# RD and African Pike live together?



## o snap its eric (Feb 19, 2003)

Rd is 6" and the pike is 6" can they live in peace or would there be some fighting?


----------



## Innes (Jan 13, 2003)

well I don't have experiance with either, but as far as I know RD are pretty aggressive and will not live with other fish.

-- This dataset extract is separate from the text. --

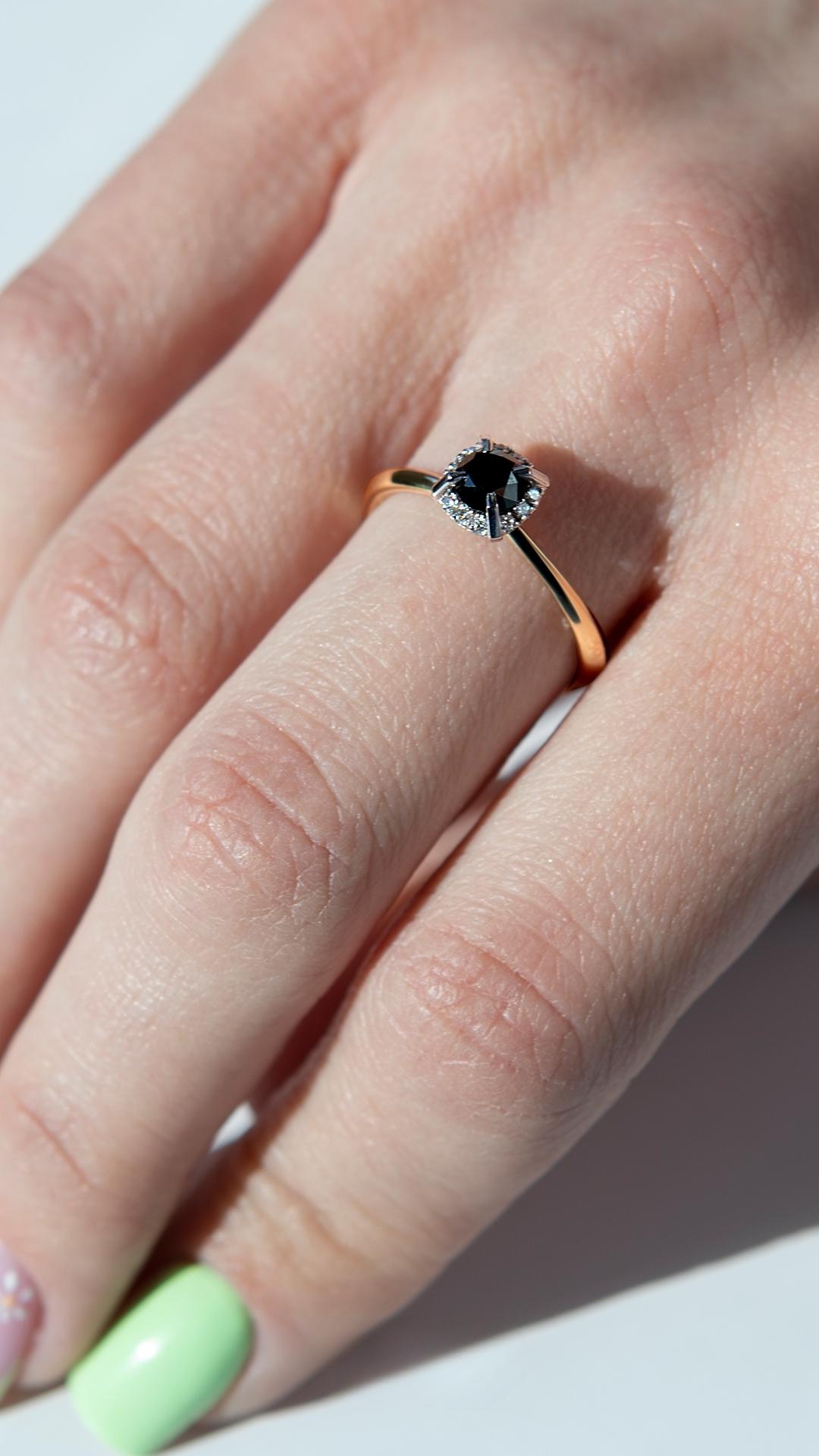 Pierścionek zaręczynowy My Beauty z żółtego złota z czarnym diamentem 0,33ct

I think this is a bad idea


----------



## mdemers883 (Jan 9, 2003)

Greatly depends on tank size. What size tank were you planning on putting them in?

Mark


----------



## thePACK (Jan 3, 2003)

there both very mean species..i don't think it will work out..they will fight till the end ..pretty good fight fight tho...


----------



## thoroughbred (Mar 14, 2003)

thePACK said:


> there both very mean species..i don't think it will work out..they will fight till the end ..pretty good fight fight tho...


 thats what im thinkin rd's are bastards


----------



## piranha45 (Apr 8, 2003)

o snap its eric said:


> Rd is 6" and the pike is 6" can they live in peace or would there be some fighting?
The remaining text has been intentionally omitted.